This man was a wonderful vigor, calmness, beauty of person,
The shape of his head, the pale yellow and white of his hair and beard,
the immeasurable meaning of his black eyes,
the richness and breadth of his manners,
These I used to go and visit him to see, he was wise also,
He was six feet tall, he was over eighty years old, his sons were massive,
clean, bearded, tan-faced, handsome,
They and his daughters loved him, all who saw him loved him,
They did not love him by allowance, they loved him with personal love,
He drank water only, the blood show’d like scarlet
through the clear-brown skin of his face,
He was a frequent gunner and fisher, he sail’d his boat himself,
he had a fine one presented to him by a ship-joiner,
he had fowling-pieces presented to him by men that loved him,
When he went with his five sons and many grand-sons to hunt or fish,
you would pick him out as the most beautiful and vigorous of the gang,
You would wish long and long to be with him, you would wish to sit by him
in the boat that you and he might touch each other.

4
I have perceiv’d that to be with those I like is enough,
To stop in company with the rest at evening is enough,
To be surrounded by beautiful, curious, breathing, laughing flesh is enough,
To pass among them or touch any one, or rest my arm ever so lightly
round his or her neck for a moment, what is this then?
I do not ask any more delight, I swim in it as in a sea.

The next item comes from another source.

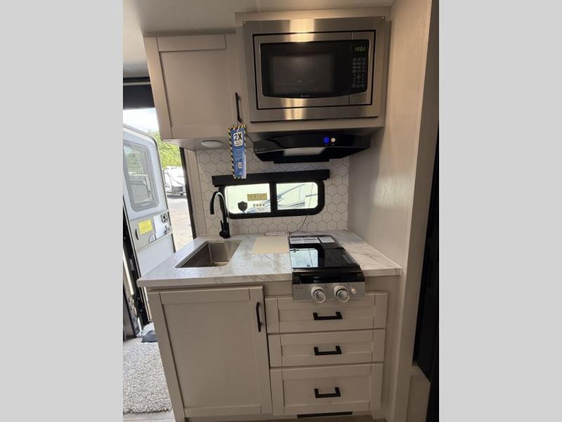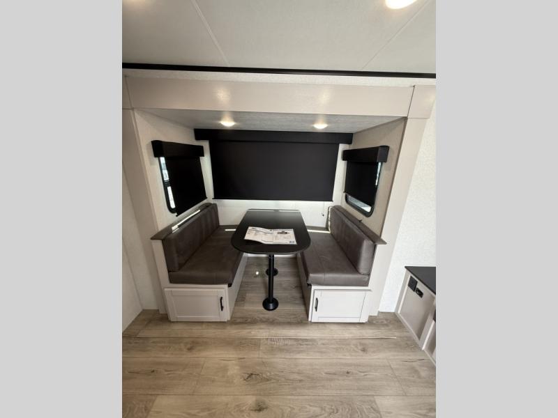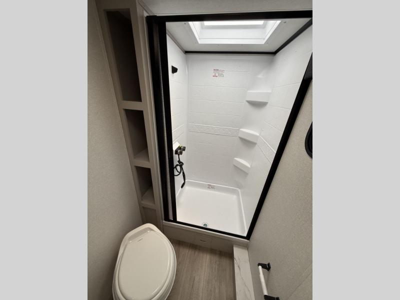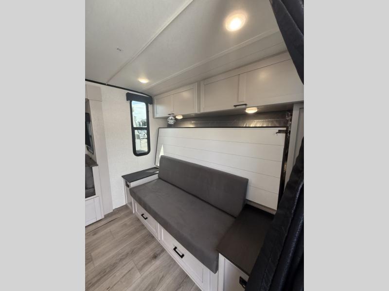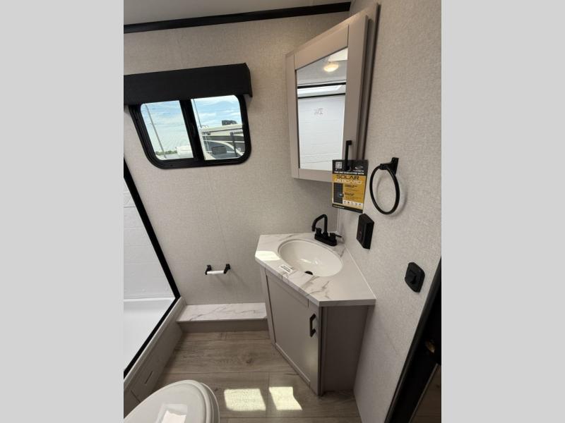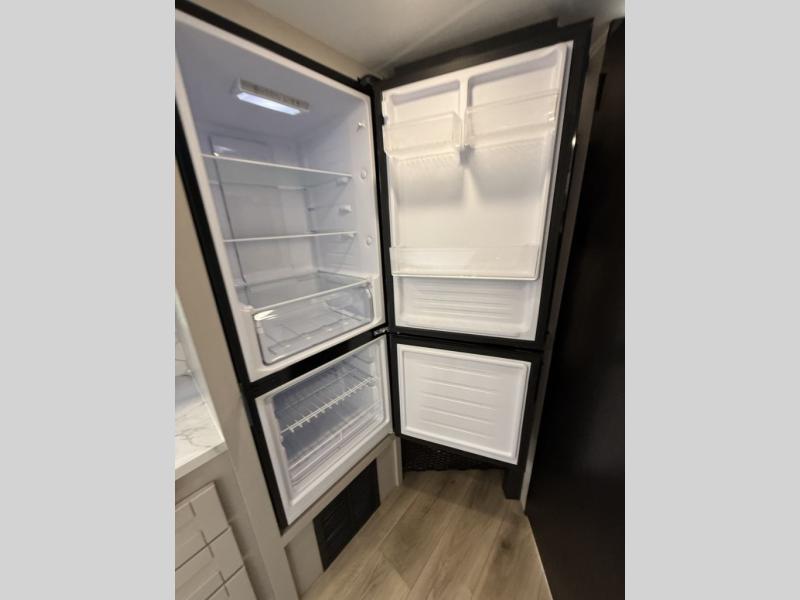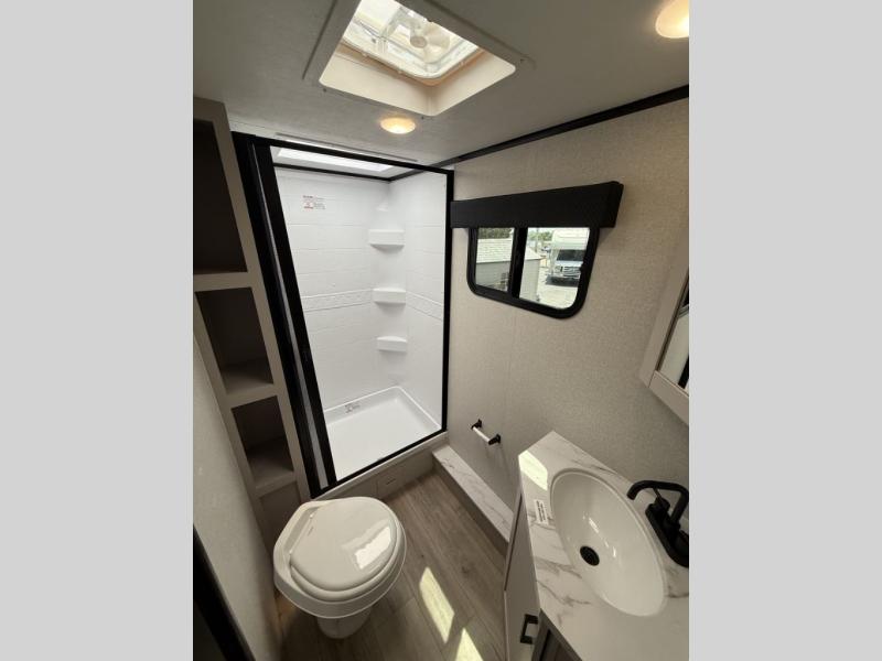The cabinet doors and drawers are oversized, increasing storage space and maximizing the overall use of space. Hidden hinges and a seamless countertop in the kitchen add to the luxurious, residential feel. The InVision Suite appliance package comes standard and includes an 11 cu. ft. 12V fridge, which is five cubic feet larger than other brands. The kitchen in this lightweight Travel Trailer also features a stainless-steel sink. In the bathroom, you’ll find high-rise gooseneck faucets and a new roller-style shower enclosure, that opens up the space even more.
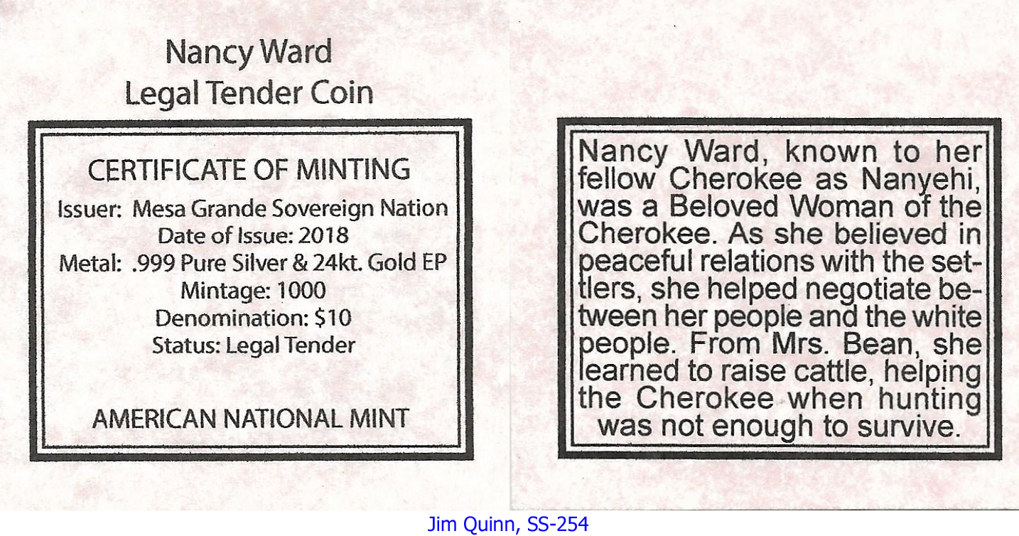 Design side: Beloved Woman of the Cherokee, Nancy Ward —

There is something in staying close to men and women and looking on them,
and in the contact and odor of them, that pleases the soul well,
All things please the soul, but these please the soul well.

5
This is the female form,
A divine nimbus exhales from it from head to foot,
It attracts with fierce undeniable attraction,
I am drawn by its breath as if I were no more than a helpless vapor,
all falls aside but myself and it,
Books, art, religion, time, the visible and solid earth,
and what was expected of heaven or fear’d of hell, are now consumed,
Mad filaments, ungovernable shoots play out of it,
the response likewise ungovernable,
Hair, bosom, hips, bend of legs, negligent falling hands all diffused,
mine too diffused,
Ebb stung by the flow and flow stung by the ebb, love-flesh swelling
and deliciously aching,
Limitless limpid jets of love hot and enormous, quivering jelly of love,
white-blow and delirious juice,
Bridegroom night of love working surely and softly into the prostrate dawn,
Undulating into the willing and yielding day,
Lost in the cleave of the clasping and sweet-flesh’d day.

This the nucleus—after the child is born of woman, man is born of woman,
This the bath of birth, this the merge of small and large, and the outlet again.

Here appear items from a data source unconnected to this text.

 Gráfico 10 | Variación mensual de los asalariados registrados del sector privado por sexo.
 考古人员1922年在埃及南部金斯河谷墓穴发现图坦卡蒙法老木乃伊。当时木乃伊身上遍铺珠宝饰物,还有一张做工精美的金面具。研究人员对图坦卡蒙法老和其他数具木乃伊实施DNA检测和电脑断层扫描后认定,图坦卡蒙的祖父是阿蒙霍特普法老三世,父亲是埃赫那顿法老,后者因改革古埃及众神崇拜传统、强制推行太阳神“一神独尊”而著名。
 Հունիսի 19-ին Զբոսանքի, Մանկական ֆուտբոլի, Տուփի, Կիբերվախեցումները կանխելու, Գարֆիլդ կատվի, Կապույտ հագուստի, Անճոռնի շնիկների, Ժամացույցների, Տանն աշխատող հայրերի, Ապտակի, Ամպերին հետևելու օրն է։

Be not ashamed women, your privilege encloses the rest,
and is the exit of the rest,
You are the gates of the body, and you are the gates of the soul.

The female contains all qualities and tempers them,
She is in her place and moves with perfect balance,
She is all things duly veil’d, she is both passive and active,
She is to conceive daughters as well as sons, and sons as well as daughters.

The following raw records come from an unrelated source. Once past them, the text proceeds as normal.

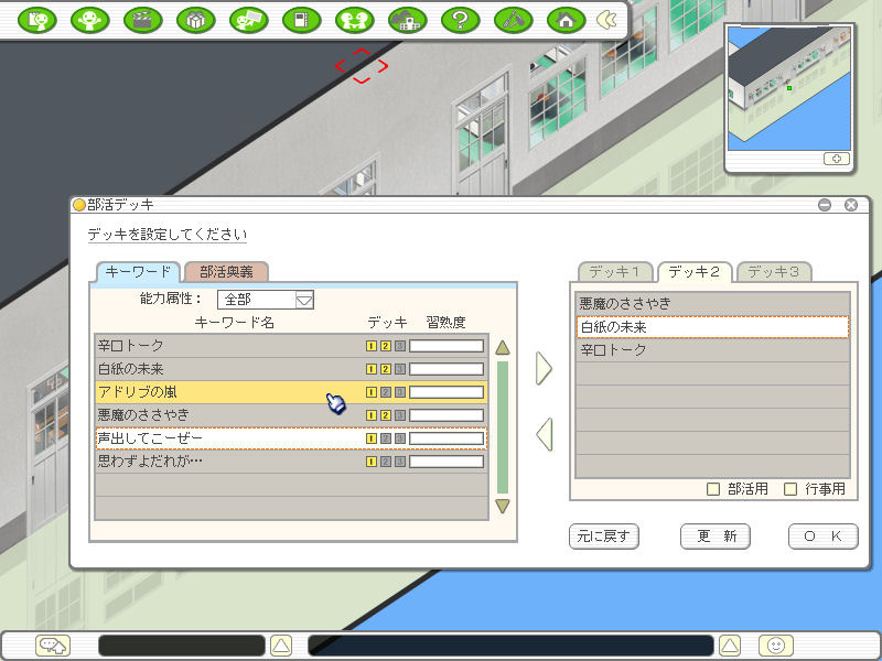 これは,カードゲームのデッキのようなもので,"クラブ活動"と"自主トレ"に必要なもの。入手済みの"キーワード"や"奥義"を"技"としてデッキに組み込み,それを駆使して戦うというシステムなのだ。
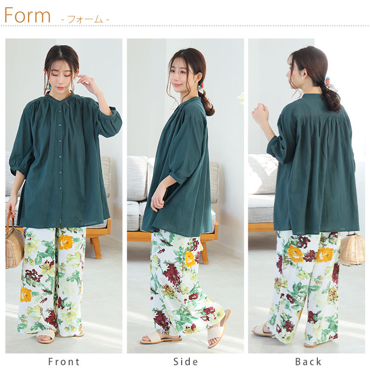 生地は少しゴワつきますが、ゆったりめなので涼しくおしゃれに着られます
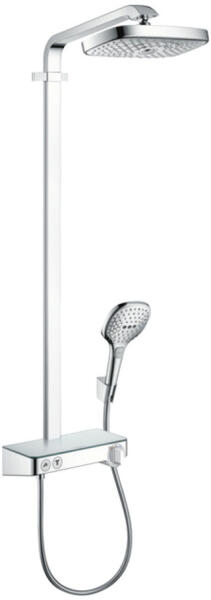 Hansgrohe Raindance Select E, Showerpipe 300 2jet EcoSmart 9 l/perc termosztáttal ShowerTablet Select 300, króm, HAN-27283000 Termékleírás és paraméterek Tartalma: fejzuhany, kézizuhany, zuhanytermosztát, zuhanytömlő, zuhanytartó Fejzuhany Raindance Select E 300 2jet Fejzuhany mérete: 300x160 mm A felső zuhany átfolyásának típusa: RainAir, Rain Kényelmes áramkiválasztás a Sel

As I see my soul reflected in Nature,
As I see through a mist, One with inexpressible completeness,
sanity, beauty,
See the bent head and arms folded over the breast, the Female I see.

6
The male is not less the soul nor more, he too is in his place,
He too is all qualities, he is action and power,
The flush of the known universe is in him,
Scorn becomes him well, and appetite and defiance become him well,
The wildest largest passions, bliss that is utmost, sorrow that is utmost
become him well, pride is for him,
The full-spread pride of man is calming and excellent to the soul,
Knowledge becomes him, he likes it always, he brings every thing
to the test of himself,
Whatever the survey, whatever the sea and the sail
he strikes soundings at last only here,
(Where else does he strike soundings except here?)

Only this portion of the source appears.